Building credit infrastructure for Nigeria's informal economy by converting unstructured WhatsApp payment conversations into structured credit signals.
- ▸Built and launched WhatsApp-first NLP system for behavioral credit infrastructure in Nigeria's informal economy, converting unstructured Ajo payment conversations into structured credit signals and deriving creditworthiness from behavioral consistency patterns.
- ▸Reached 5K tester-phase customers in first two months by designing distribution strategy that embeds into existing WhatsApp workflows instead of requiring app downloads.
- ▸Created upstream data layer from informal trust networks that banks and lenders can underwrite against.
Owned ML-driven personalization and lifecycle strategy for Prime subscription retention across 1.17M+ MAU.
- ▸Owned product strategy for $148M ARR Prime subscription initiative serving 1.17M+ monthly active users within broader $8.4B business, translating churn analysis into activation, personalization, and lifecycle engagement roadmap.
- ▸Shipped ML-driven targeting framework for subscription personalization and retention, partnering with data science to define behavioral segments, measurement approach, and incremental lift analysis.
- ▸Aligned 8 cross-functional stakeholder teams (Data Science, Engineering, Marketing, Finance, and Legal) on targeting framework scope, success metrics, and launch criteria; presented roadmap to VP-level leadership.
Owned core enterprise data platform strategy and ML operationalization across fraud, lending, compliance, and analytics workflows for 15 business units.
- ▸Managed 13-person cross-functional platform team across PMs, engineers, BSAs, and data modelers; set roadmap priorities, operating cadence, requirements standards, and delivery accountability across 15 business units.
- ▸Built product strategy and investment case for $500M+ enterprise data platform by quantifying EBITDA impact of data reliability, compliance infrastructure, ML enablement, platform reuse, and capability sequencing; coordinated 170+ contributors.
- ▸Led 0→1 Azure data platform build after diagnosing structural fragmentation across source systems, metadata, and model inputs; defined canonical data model, metadata ontology, and governance architecture as system-of-record contracts for fraud, lending, and compliance.
- ▸Rebuilt executive trust after fraud-lending integration failure by tracing root cause to conflicting risk score definitions; introduced metadata registry, PII classification framework, and cross-BU governance working group.
- ▸Resolved VP-level escalation on real-time infrastructure by showing proposed architecture created 3x cost increase for <5% outcome improvement; defended hybrid model preserving detection performance while containing cost.

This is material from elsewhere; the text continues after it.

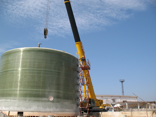 2012年10月8號廣州市固肽玻璃鋼有限公司與潮州化工廠簽訂的容積為1745m3.直徑16米、高度10米、重量達(dá)14噸、介質(zhì)為鹽酸的現(xiàn)場纏繞大型玻璃鋼儲罐正式吊裝成功。
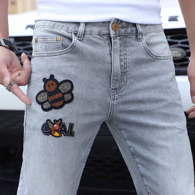 Dior summer collection, a European bestseller, a trendy, aristocratic, and influencer-influenced custom-made. These premium, original, slim-fit, cropped jeans are the highest-quality, premium-quality jeans on the market. Their distinctive design and strong avant-garde artistic expression have made them a global hit. Made from European imported, custom-washed, stretchy fabric, they combine operatic splendor with exceptional comfort, perfectly suiting men's practical wardrobe. They're a top choice for urban, trendy, and casual men. Sizes: 28-38, no 37

- ▸Operationalized fraud ML by standardizing feature pipelines and embedding model outputs into investigator workflows, eliminating manual triage across 5 systems, improving investigation throughput 29%, and reducing deployment time 30% across 40+ integrations.
- ▸Established ML deployment approval gates with Legal, Compliance, and fraud investigation teams, creating reusable governance standards for model readiness, PII handling, and operational adoption.
Owned product strategy for $270M enterprise API platform serving 200+ internal teams across consumer banking, commercial banking, and credit cards.
- ▸Drove 15% adoption growth and $80M+ measurable value creation by expanding platform capabilities, improving developer experience, and accelerating integrations across internal customers.
- ▸Built usage instrumentation tracking API consumption, error rates, integration bottlenecks, and downstream business impact; used signal data to prioritize roadmap investments toward highest-leverage platform capabilities.